◆ **ASSIGNMENT**
Starting with the first line of the listing, quote each line exactly until and including the one with "Be the first", leaving pictures out.

◆ **SUPPLIED INFORMATION**
=== Section Start ===
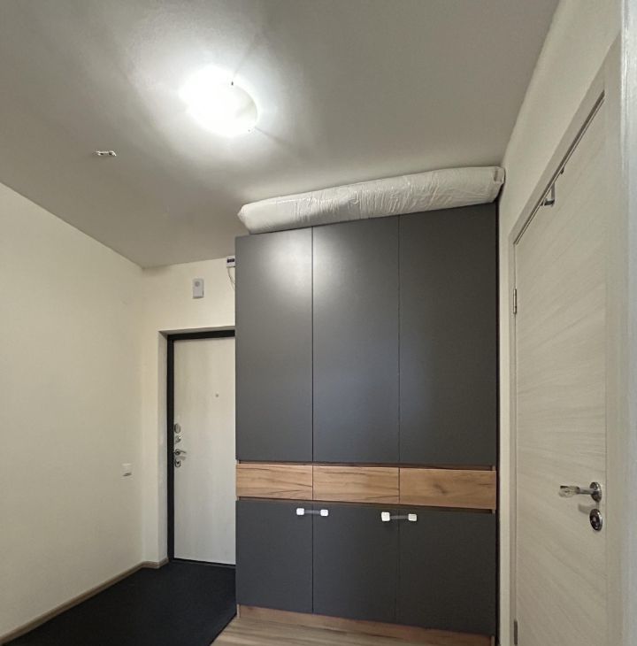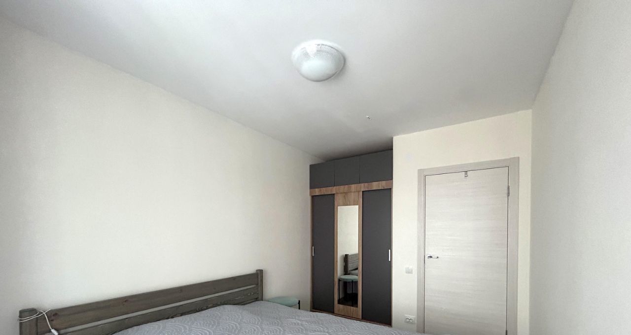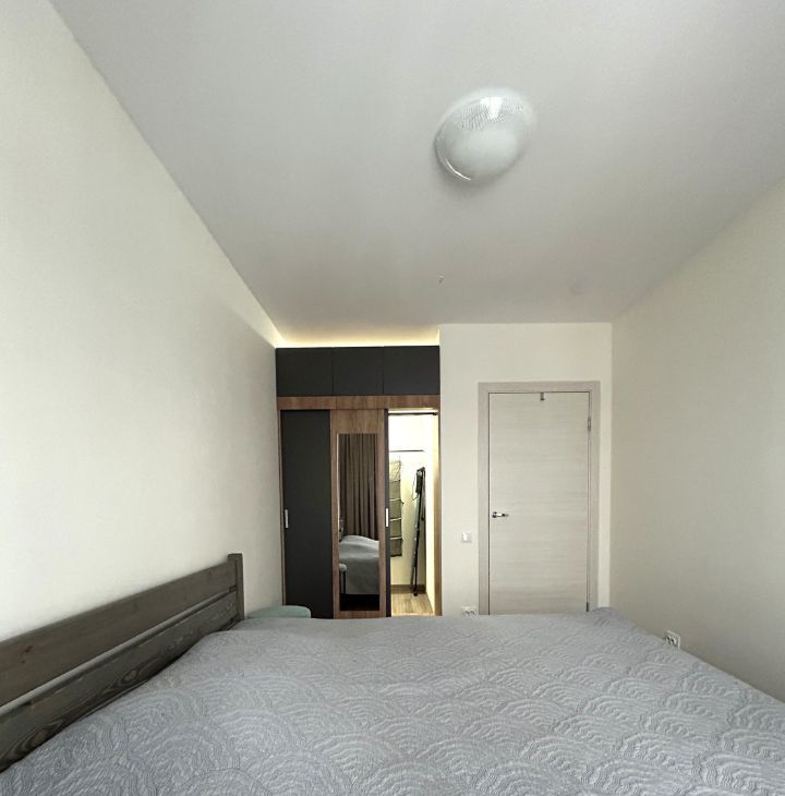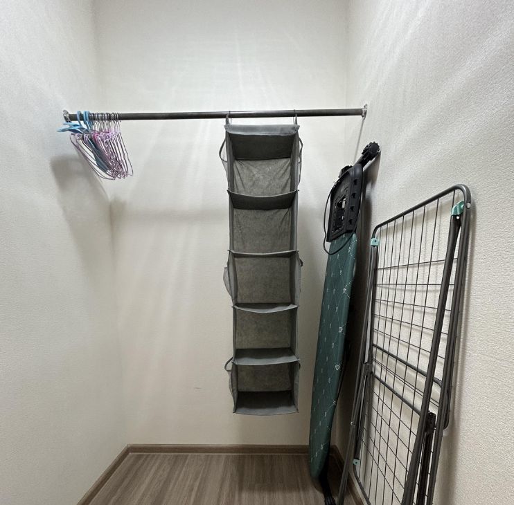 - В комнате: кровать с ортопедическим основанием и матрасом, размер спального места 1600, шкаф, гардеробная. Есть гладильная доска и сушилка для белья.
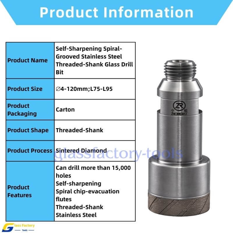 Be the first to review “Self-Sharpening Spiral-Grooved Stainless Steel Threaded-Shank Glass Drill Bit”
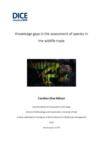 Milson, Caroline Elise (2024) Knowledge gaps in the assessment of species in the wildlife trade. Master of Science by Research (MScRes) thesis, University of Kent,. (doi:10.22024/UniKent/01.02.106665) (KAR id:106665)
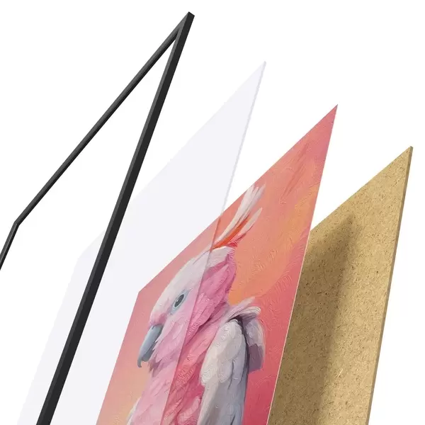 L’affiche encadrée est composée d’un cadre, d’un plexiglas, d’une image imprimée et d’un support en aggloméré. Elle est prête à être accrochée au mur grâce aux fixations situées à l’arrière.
=== Section End ===
◆ **SOLUTION TO THE EXERCISE**
 - В комнате: кровать с ортопедическим основанием и матрасом, размер спального места 1600, шкаф, гардеробная. Есть гладильная доска и сушилка для белья.
 Be the first to review “Self-Sharpening Spiral-Grooved Stainless Steel Threaded-Shank Glass Drill Bit”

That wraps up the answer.